Transcribing podcasts with Google’s Speech to Text API

I don’t really listen to podcasts, even now when I have quite a long commute. I generally read faster than I can listen and prefer to read through transcripts than listen, even when the playback speed is increased. Some shows have transcripts and generally I skim read those when available to see if it would be worth listening to segments of the podcasts. But what about the podcasts without transcripts? Well Google has a handy Speech to Text API so why not turn the audio into a text file and then turn it into a HTML format I can read on the phone on the tube?

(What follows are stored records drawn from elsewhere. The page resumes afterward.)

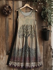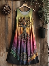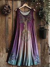 More information about Women's Vintage Viking Celtic Knot Gradient Art Midi Dress Sundress A Line Dress Vacation Casual Boho Going out Regular Fit Floral Graphic Leaf Sleeveless U Neck
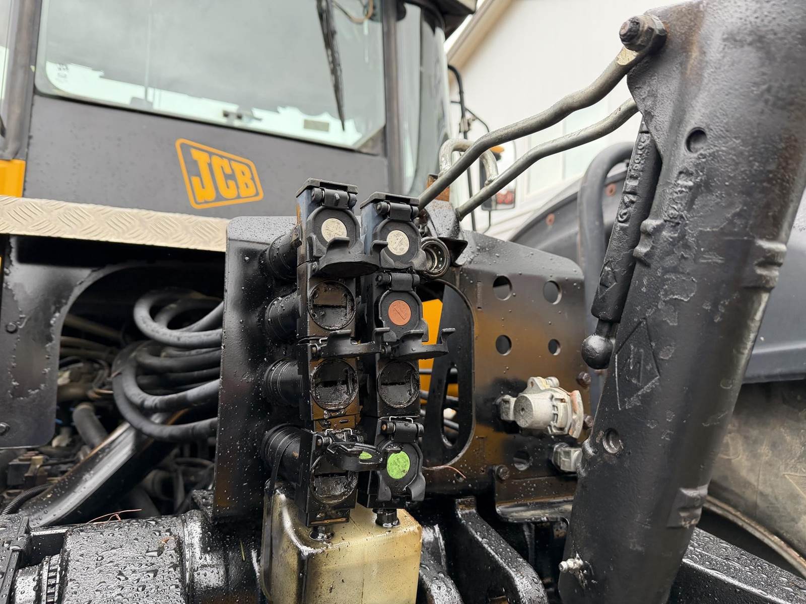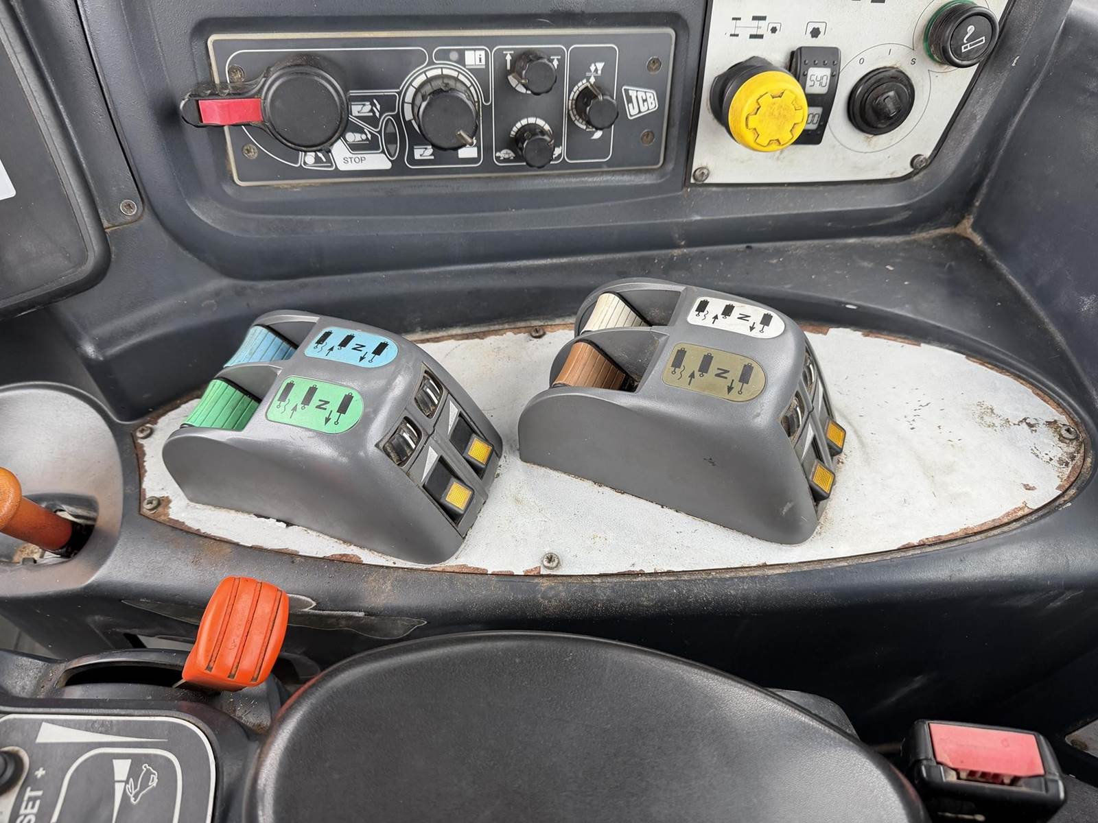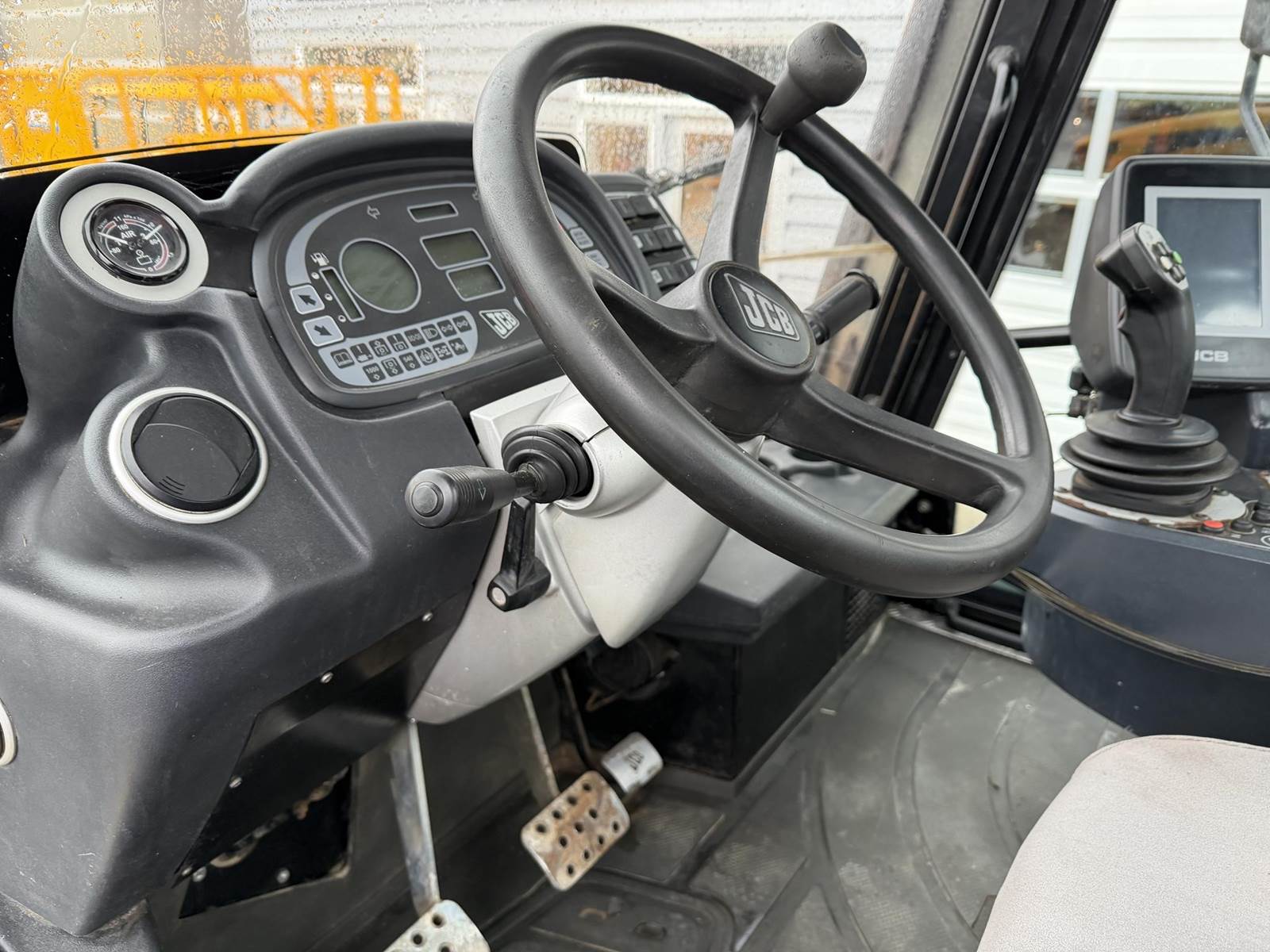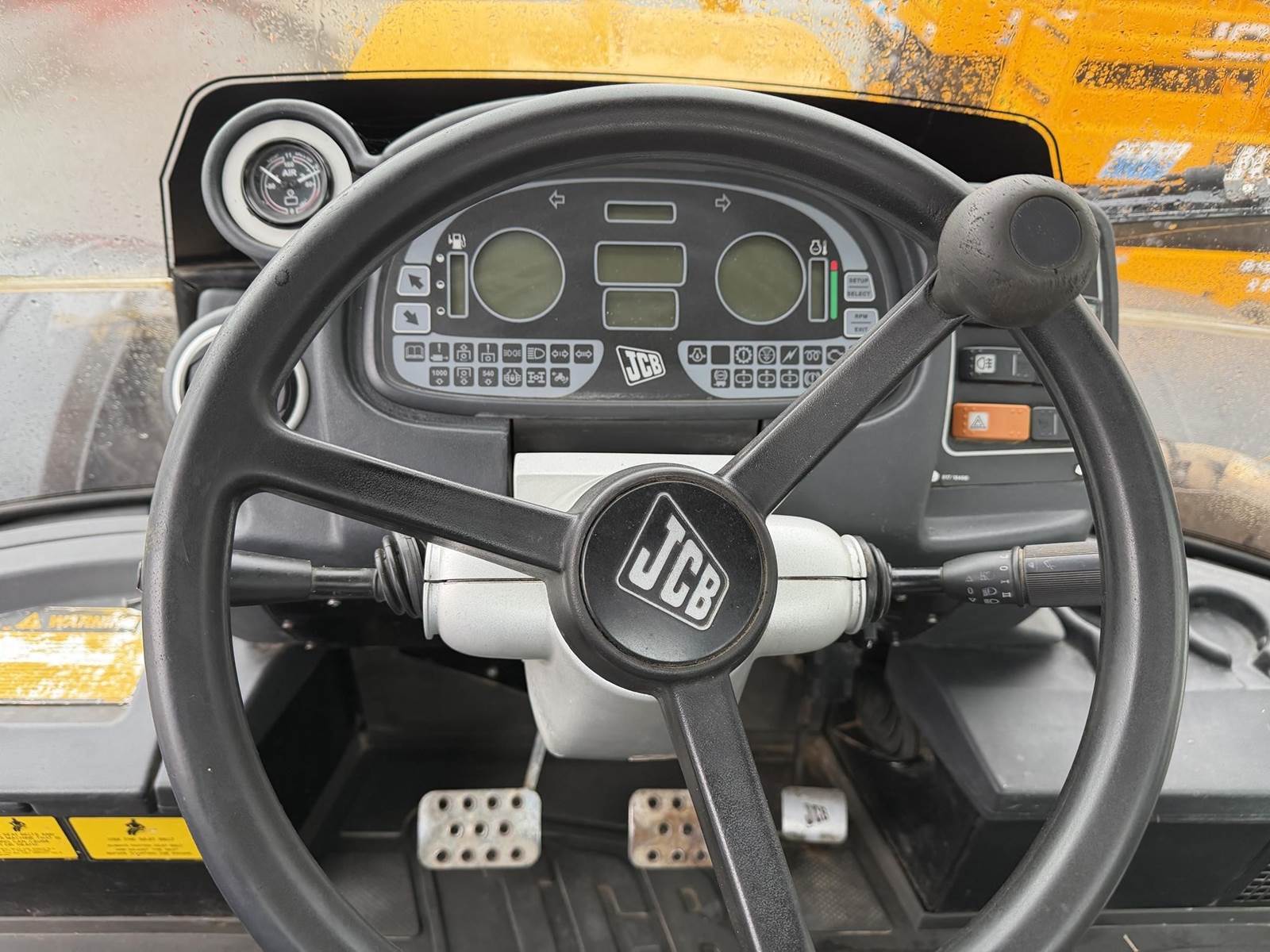2006 JCB FASTRAC 8250 Four Wheel Drive Tractor - Cummins QSC 8.3L intercooled turbocharged diesel engine, CVT transmission, front and rear 3Pt. front and rear PTO, two front remotes, four rear remotes. Full front and rear suspension, big cab with buddy seat. This is perfect tor triple mowers plus this machine will do 43 MPH on the road.
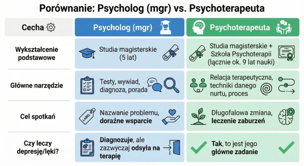 Tymczasem w Polsce (zgodnie ze stanem prawnym na rok 2026) są to dwa różne, choć pokrewne zawody. Zrozumienie tej różnicy jest kluczowe, abyś trafił do specjalisty, który najlepiej odpowie na Twoje aktualne potrzeby.
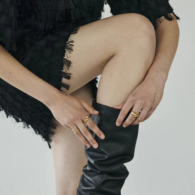 The Neli Ring, plated with 18 karat gold, is designed with inspiration from the soft movements of nature. It has an elegant, open silhouette with voluminous shapes that wrap around the finger. The shiny gold surface provides an exclusive and modern expression, while the adjustable size ensures it fits perfectly for you – no matter the occasion. The Neil ring is also available in silver.
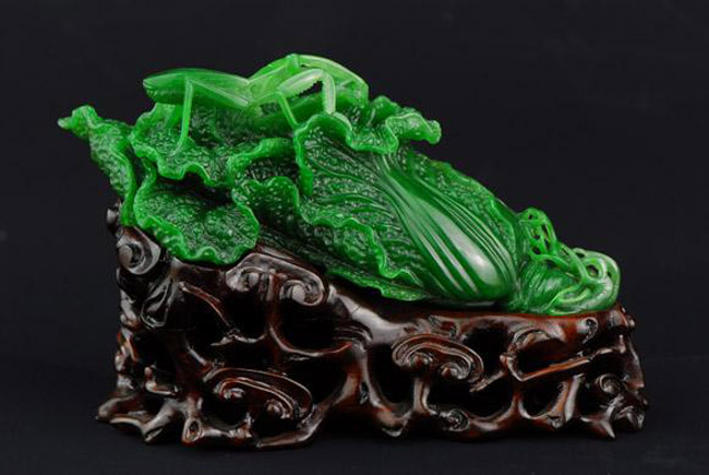 翡翠《螳螂白菜》获杭州西湖第五届工艺美术精品博览会特等奖。
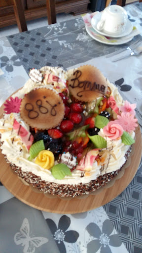 Read moreUitgebreide warme bakker met veel taarten, koeken en uitgebreid brood assortiment. Grote belegtoog met...

tldr; the API is pretty much the same one as generates the Youtube automatic subtitling and transcripts. It can just about create something that is understandable as a human but its translation of vernacular voices is awful. If Youtube transcripts don’t work for you then this isn’t a route worth pursuing.

Streaming pods

I’m not very familiar with Google Cloud Services, I used to do a lot of App Engine development but that way of working was phased out in favour of something a bit more enterprise friendly. I have the feeling that Google Cloud’s biggest consumers are data science and analysis teams and the control systems intersect with Google Workspace which probably makes administration easier in organisations but less so for individual developers.

So I set up a new project, enabled billing, associated the billing account with a service account, associated the service account with the project and wished I’d read the documentation to know what I should have been doing. And after all that I created a bucket to hold my target files in.

You can use the API to transcribe local audio files but only if they are less than 60 seconds long. I needed to be using the long running asynchronous invocation version of the API. I also should have realised that I need to write the transcription to a bucket too, I ended up using the input file name with “.json” attached but until I started doing that I didn’t realise that my transcription was failing to recognise my input.

Learning the API

One really nice feature Google Cloud has is the ability to run guided tutorials in your account via CloudShell. You get a step by step guide that can simply paste the relevant commands to your shell. Authorising the shell to access the various services was also easier than generating credentials locally for what I wanted to do.

Within 10 minutes I had processed my first piece of audio and had a basic Python file setup. However the test file was in quite an unusual format and the example was the synchronous version of the API.

I downloaded a copy of the Gettysburg address and switched the API version but then had my CloudShell script await the outcome of the transcoding.

Can you transcribe MP3?

The documentation said yes (given a specific version) and while the client code accepted the encoding type, I never got MP3 to work and instead I ended up using ffmpeg to create FLAC copies of my MP3 files. I might have been doing something wrong but I’m not clear what it was and the job was accepted but it was returning an empty JSON object (this is where creating files for the output is much more useful that trying to print an empty response).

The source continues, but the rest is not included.